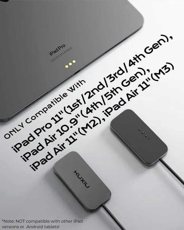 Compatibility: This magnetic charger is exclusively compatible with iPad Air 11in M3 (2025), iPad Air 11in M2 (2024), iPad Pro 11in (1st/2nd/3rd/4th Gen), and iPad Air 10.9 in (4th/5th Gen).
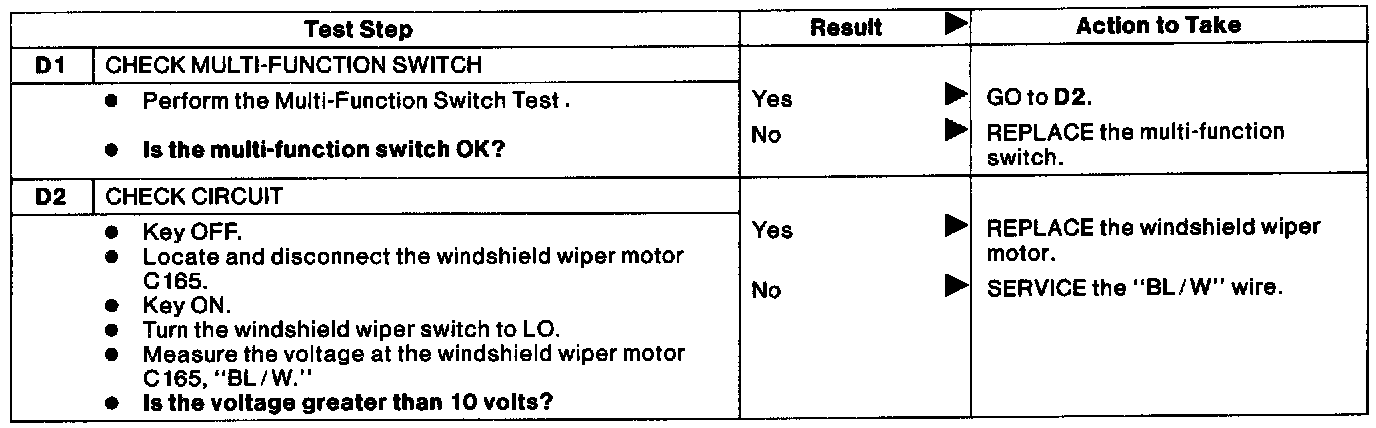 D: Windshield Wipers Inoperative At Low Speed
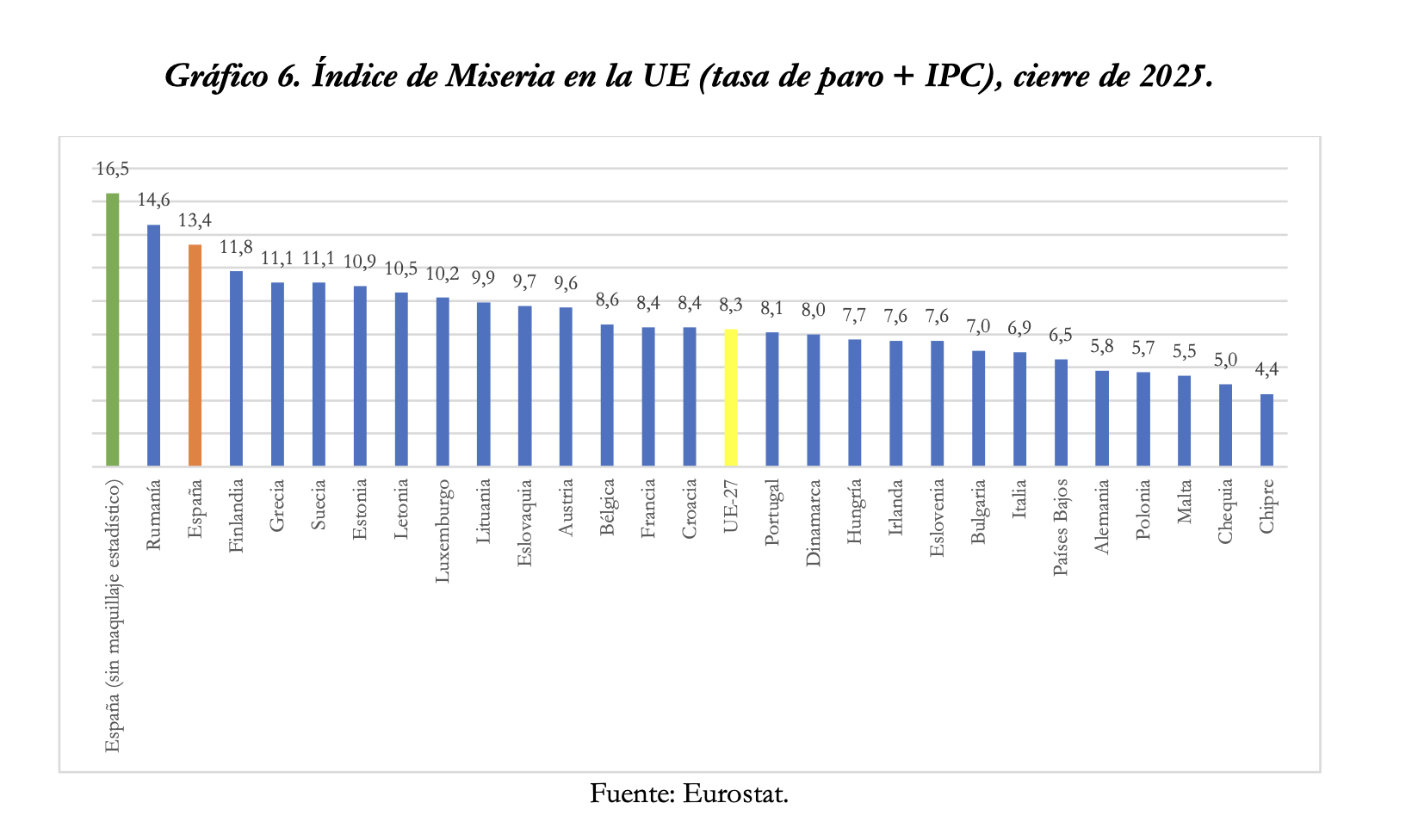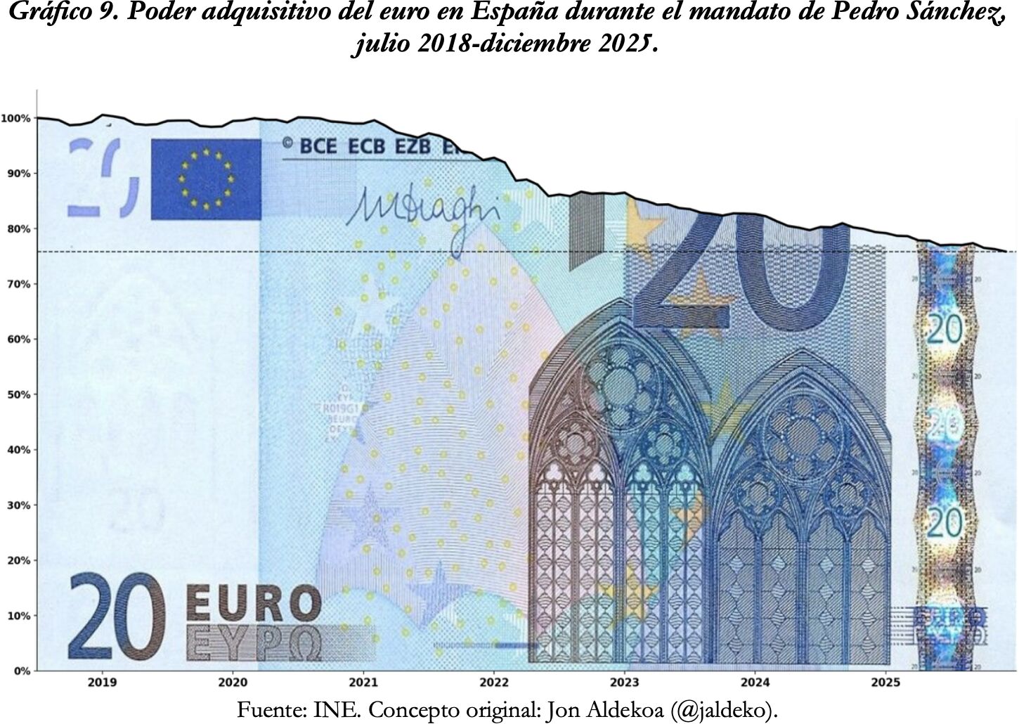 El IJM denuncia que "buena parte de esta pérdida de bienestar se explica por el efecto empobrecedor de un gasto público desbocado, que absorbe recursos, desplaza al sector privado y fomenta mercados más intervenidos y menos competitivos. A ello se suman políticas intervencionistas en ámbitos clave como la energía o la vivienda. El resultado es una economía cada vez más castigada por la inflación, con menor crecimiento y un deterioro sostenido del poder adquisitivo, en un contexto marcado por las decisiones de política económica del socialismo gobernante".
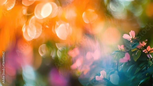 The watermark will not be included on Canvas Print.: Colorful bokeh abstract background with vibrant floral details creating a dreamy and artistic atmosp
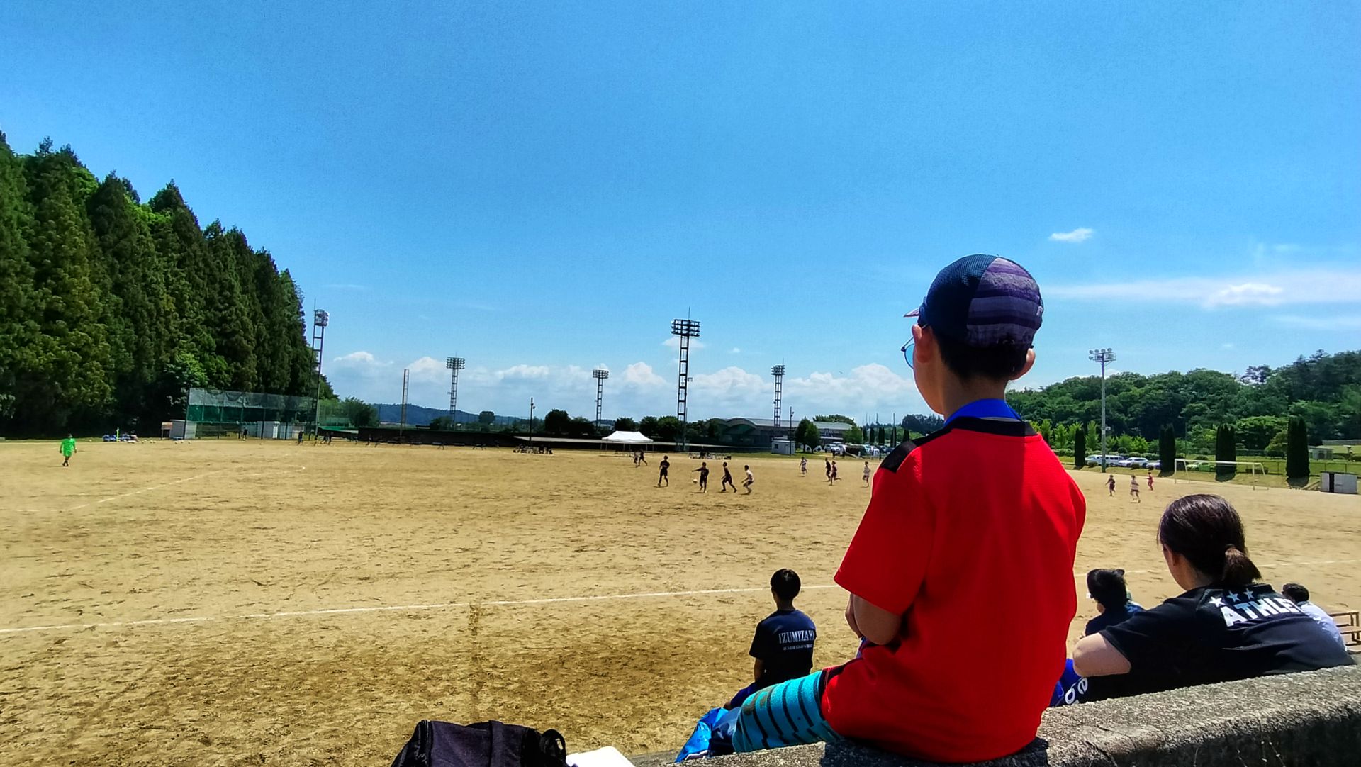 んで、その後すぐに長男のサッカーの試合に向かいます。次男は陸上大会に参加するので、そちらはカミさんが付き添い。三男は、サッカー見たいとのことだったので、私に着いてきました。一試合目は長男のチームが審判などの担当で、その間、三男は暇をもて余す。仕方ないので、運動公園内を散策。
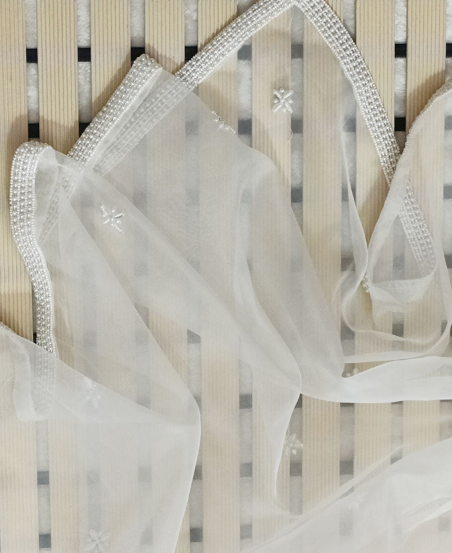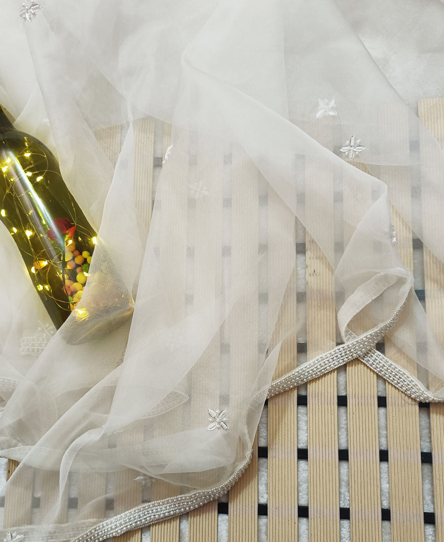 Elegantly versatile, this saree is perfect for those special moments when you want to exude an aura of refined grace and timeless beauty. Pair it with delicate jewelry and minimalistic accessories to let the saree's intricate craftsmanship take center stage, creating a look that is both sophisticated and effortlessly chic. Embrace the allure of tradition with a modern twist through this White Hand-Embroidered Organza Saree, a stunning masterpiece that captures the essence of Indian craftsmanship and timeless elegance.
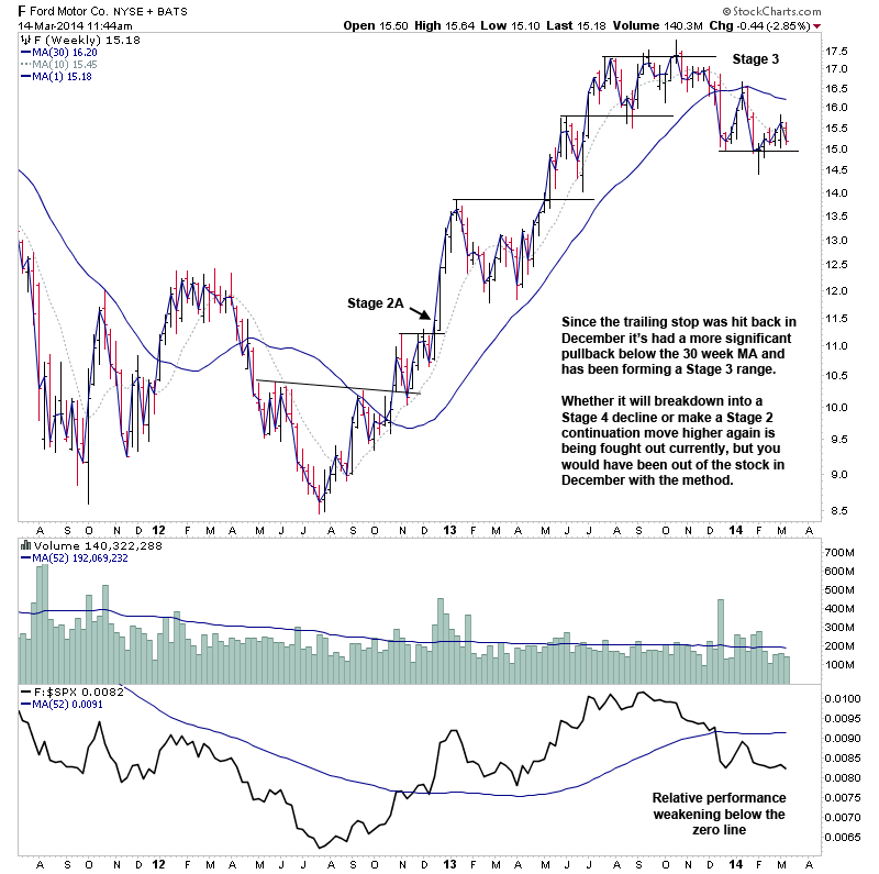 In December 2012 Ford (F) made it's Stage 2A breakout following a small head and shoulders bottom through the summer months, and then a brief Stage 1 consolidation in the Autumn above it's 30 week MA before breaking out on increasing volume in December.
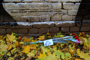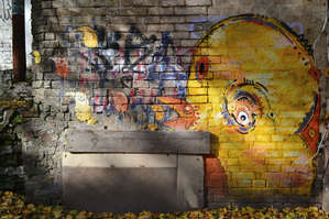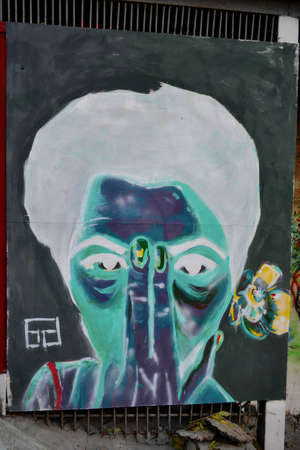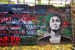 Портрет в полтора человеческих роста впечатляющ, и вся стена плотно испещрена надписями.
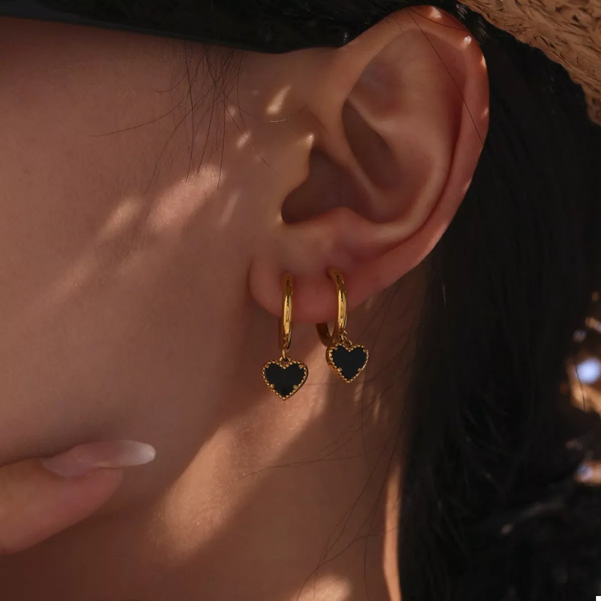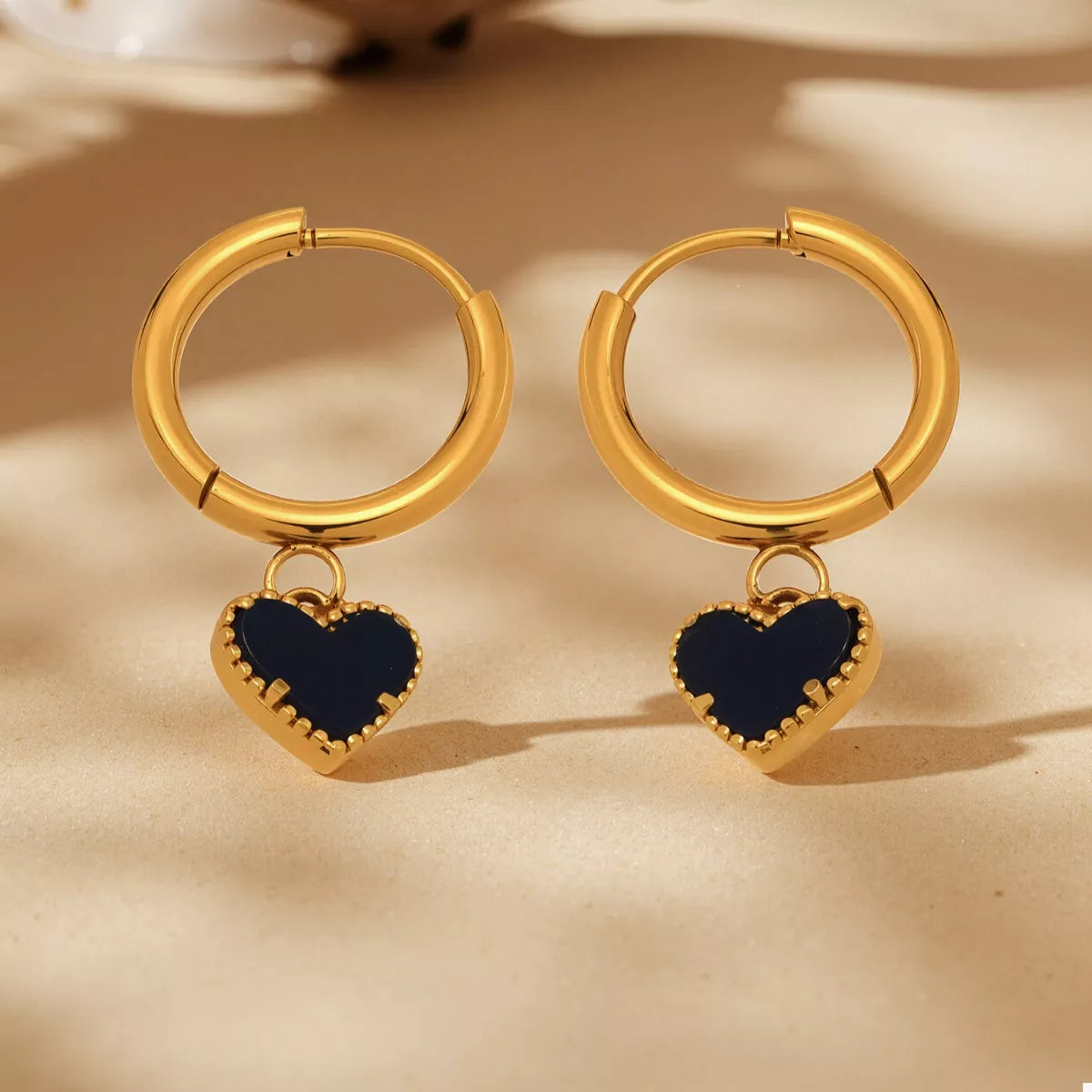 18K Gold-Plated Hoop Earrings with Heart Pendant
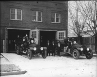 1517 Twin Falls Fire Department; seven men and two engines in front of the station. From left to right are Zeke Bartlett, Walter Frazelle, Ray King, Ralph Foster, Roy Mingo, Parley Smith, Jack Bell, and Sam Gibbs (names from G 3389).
━━━━━━━━━━━━━━━━
▸ Exercise brief:
Transcribe the lines above exactly, beginning at the one with "Elegantly versatile, this" and ending at the one with "Портрет в полтора". Include both; exclude the pictures.

▸ Final answer:
 Elegantly versatile, this saree is perfect for those special moments when you want to exude an aura of refined grace and timeless beauty. Pair it with delicate jewelry and minimalistic accessories to let the saree's intricate craftsmanship take center stage, creating a look that is both sophisticated and effortlessly chic. Embrace the allure of tradition with a modern twist through this White Hand-Embroidered Organza Saree, a stunning masterpiece that captures the essence of Indian craftsmanship and timeless elegance.
 In December 2012 Ford (F) made it's Stage 2A breakout following a small head and shoulders bottom through the summer months, and then a brief Stage 1 consolidation in the Autumn above it's 30 week MA before breaking out on increasing volume in December.
 Портрет в полтора человеческих роста впечатляющ, и вся стена плотно испещрена надписями.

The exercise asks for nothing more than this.